Dämonisierung der Feinde

Im Leitartikel der Haaretz vom 2. Juli heißt es: „Der Premierminister, der vorgestern den Vergleich zwischen Juden und Arabern zog, behauptete, dass 'uns eine breite und tiefe moralische Kluft von unseren Feinden trennt: Sie heiligen den Tod, wir das Leben; sie heiligen die Grausamkeit, wir das Erbarmen.' Eine Entführung und Ermordung eines arabischen Jungen – wenn sich erweisen sollte, dass sie von Juden vollführt worden ist – wird diesen pauschalisierend verlogenen Vergleich zerstören.“

Wohl wahr, aber es bedarf nicht erst eines Beweises in diesem konkreten Fall, um zu dieser Schlussfolgerung zu gelangen. Denn die Instrumentalisierung privater Tragödien zu „kollektiven“ Zwecken ist eine ideologische Praxis, in der sich die israelische politische Kultur seit Jahrzehnten übt und es zur wahren Meisterschaft gebracht hat.

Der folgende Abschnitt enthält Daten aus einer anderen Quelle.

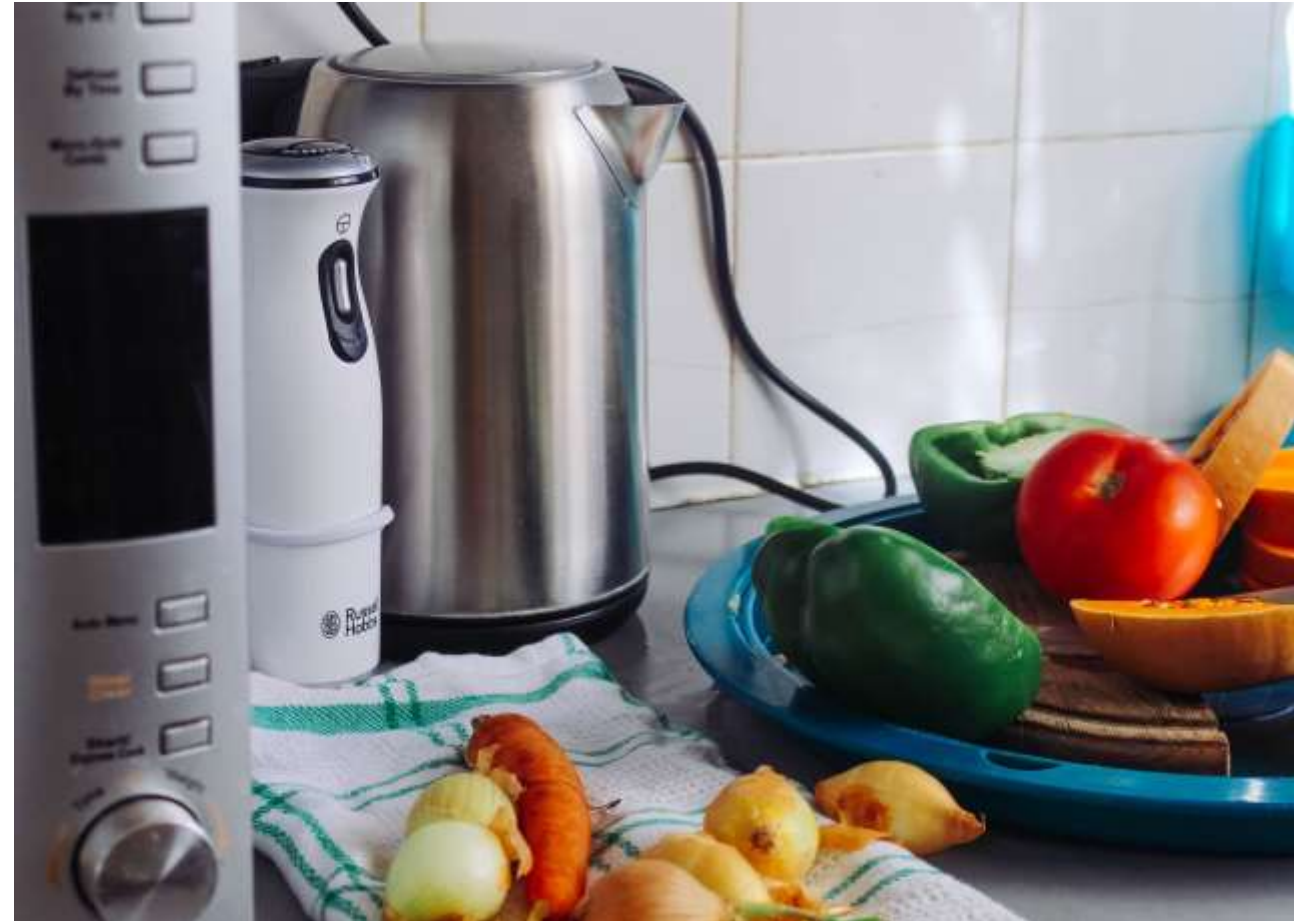
Photo disponible en banque d'images avec équipements électriques de cuisine ou autre photo au choix de la collectivité

Selon les chiffres de 2016 d'une étude IPSOS pour Ecologic, on trouve en moyenne 118 équipements électriques et électroniques dans une maison, 73 dans les appartements pour une moyenne nationale de 99 équipements. On imagine que la tendance n'est pas à la baisse depuis 2016. Pour tout savoir sur les bons réflexes : [lien vers bon article Ecologic]
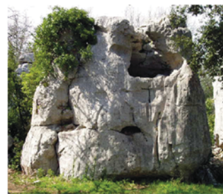
Le rocher des curés
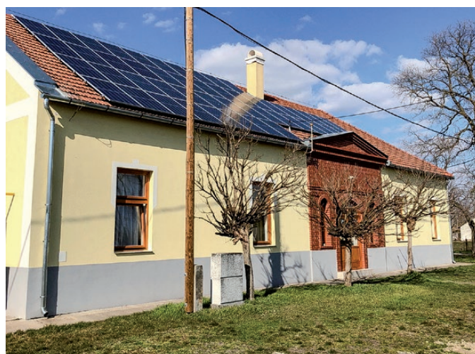
A telephely a majorság területén

megtartani a teljes dolgozói létszámot. Enélkül a támogatás nélkül talán ma már nem is működne a varroda.
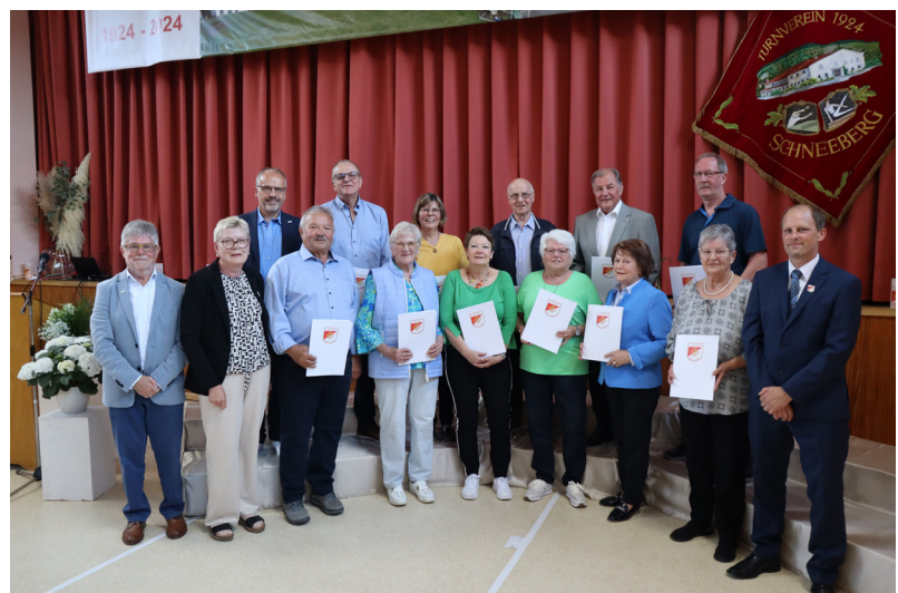
Ehrung für 50-jährige Mitgliedschaft
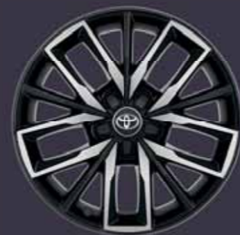
17" fekete csiszolt hatású könnyűfém keréktárcsák Alapfelszereltség: TREK
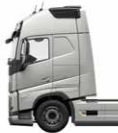
Cabina Globetrotter XL
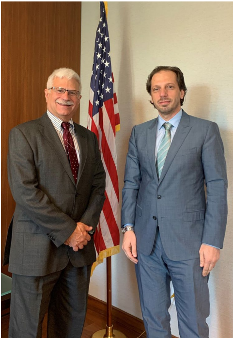
السيد مساعد وزير الخارجية للديمقراطية وحقوق الإنسان والعمل "روبرت ديسترو" – السيد فضل عبد الغني مدير الشبكة السورية لحقوق الإنسان – واشنطن/ تشرين الأول 2019

هجمات لقوات التحالف الدولي تسببت في وقوع خسائر بشرية أو مادية، والبدء في عمليات إعادة البناء هناك وتهيئة الأجواء نحو انتخابات محلية ديمقراطية يشارك فيها جميع أبناء المنطقة، وتأسيس وقيادة حوار فيما بينها، وتمّ التركيز على بعض الانتهاكات التي تقوم بها قوات سوريا الديمقراطية كعمليات الاعتقال والإخفاء القسري وغيرها مما تسبب في موجة غضب محلية واسعة، كما تمّت مناقشة فكرة ضرورة الإبقاء على موضوع المختفين قسرياً لدى جميع الأطراف قيد المتابعة والتذكير، ذلك عبر إقامة معرض من اللوحات التي رسمتها الشبكة السورية لحقوق الإنسان لنشطاء بارزين لا يزالون قيد الاختفاء القسري ويكون على هامش المعرض مؤتمر يعطي فرصة أكبر للسوريين للحديث عن قضية المعتقلين والمختفين قسرياً وبقيّة أنماط الانتهاكات.
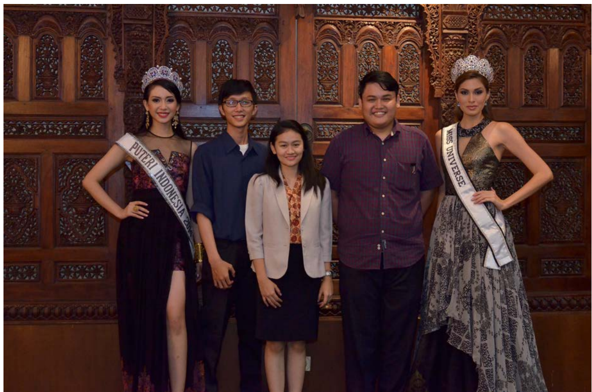
Gala Dinner With Puteri Indonesia 2014 & Miss Universe 2013
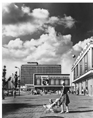
Dieter Urbach, Hotel Berolina und Kino International, 1966
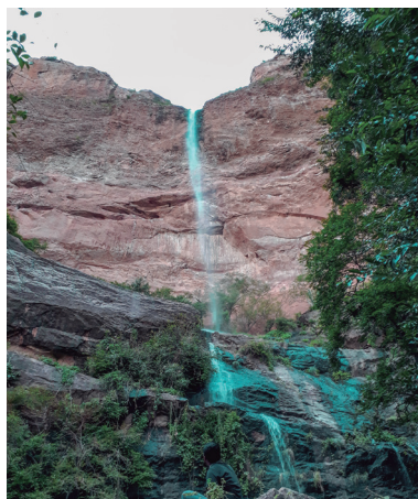
La cascada en las cercanías de la Presa Huites, practica de senderismo que se observa solo en tiempos de lluvias.

Choix es tierra de auténticos indígenas de los mayos, en cuyas prácticas, son portadores de una hermosa tradición que queda manifiesta en Semana Santa, donde pueblos como Baymena, Huites, Baca y San Javier, realizan sus danzas y rituales al unísono, destacan-
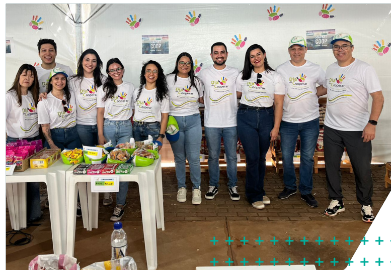
Dia C teve coleção Financinhas e Mercadinho do Cooperativismo

Mais de 300 pessoas, entre jovens, crianças e adultos, foram beneficiadas com atividades de educação financeira, por meio das histórias da coleção Financinhas, do Mercadinho do Cooperativismo e da apresentação artística do projeto Som & Vida.
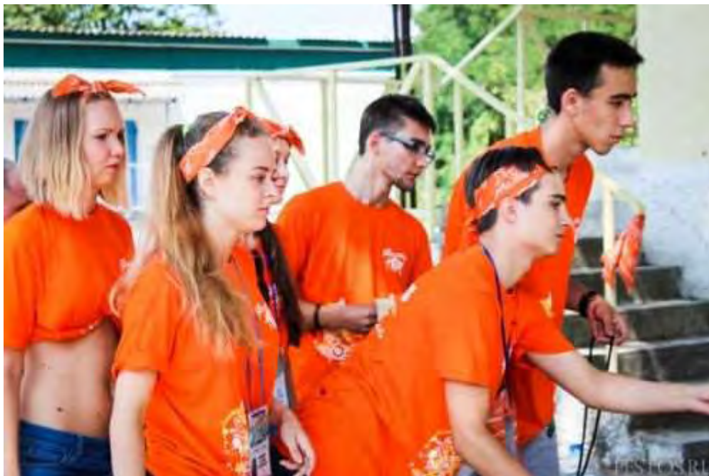
Деловые игры сплотили команду
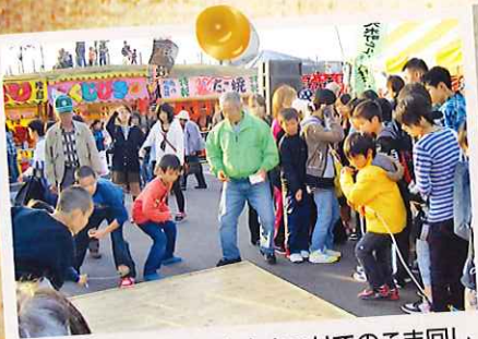
平成22年11月 大木まつりでのこま回し 大会。たくさん子どもたちが集まって くれました。
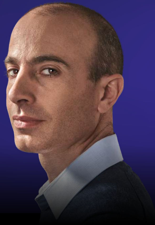
Yuval Noah Harari

Historiador y Best-seller "Sapiens: de animales a dioses".
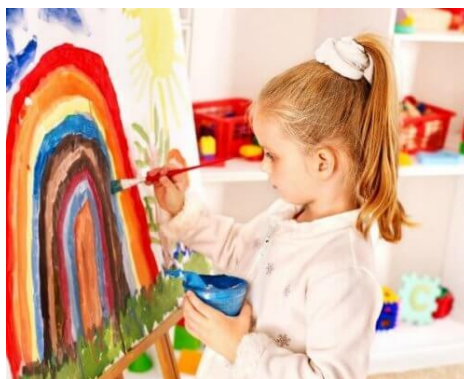
Imagen: artística. Tomado de: expresión artística. Recuperado por https://goo.gl/QEsYjX

La tarea de las educadoras/or es generar empatías, provocar procesos, conmover, incitar, avivar, sacudir, abandonar las rutinas. Cada actividad que se realice con los niños debe generar sorpresa, impresionar, cuestionar las convicciones y los estilos para ir incorporando como matrices de aprendizaje.
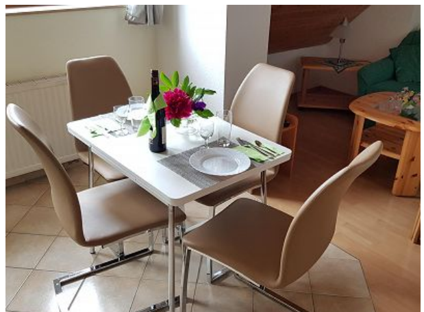
Esstisch hell und freundlich
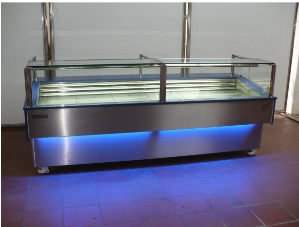
Möglichkeit 1 Bedienungstheke

Es will zuweilen scheinen, dass jede Gewalttat, die jüdischen Israelis (von palästinensischer Hand) widerfährt, den ideologischen Wortführern der israelischen politischen Kultur zupass kommt – sie ermöglicht die erwünschte Dämonisierung der Feinde bei Selbstvergewisserung der eigenen kollektiven Tugendhaftigkeit.

Dass dabei die Unsäglichkeit der von Israel betriebenen Okkupation, welche die palästinensische Gewalttaten erst eigentlich zeitigt, in den Hintergrund gerät, ist das latente Ziel der ideologisierenden Manipulation. Die Ausblendung des realen Kausalnexus gerinnt zur kollektiven Verblendung, zur nationalen Verdrängung des realen Wirkzusammenhangs persönlicher Leiderfahrung und privater Tragödien.

Netanjahu mag sich noch so manipulativ, noch so ideologisch-verlogen über den Vergleich von Juden und Arabern auslassen, er wird die private Katastrophe noch so selbstherrlich zu fremdbestimmten Zwecken funktionalisieren wollen, aber er wird letztlich nicht um den elementaren Vorwurf herumkommen, dass er es ist, der den Frieden mit den Palästinensern nicht nur scheut, sondern auch alles daran setzt, eine Struktur herzustellen, die die Möglichkeit eines solchen Friedens unterwandert, diese mithin mit allen ihm zur Verfügung stehenden Mitteln zu verhindern trachtet.

Er selbst stellt dabei nur die Personifizierung der ideologischen Gesamttendenz dar – jener Tendenz, die die palästinensische reaktive Gewalt zur Raison d’être seiner friedensfeindlichen Politik hat verkommen lassen. Nicht zuletzt das ist es, was an der staatlichen Trauer um die ermordeten Jugendlichen so perfide scheinheilig erscheint.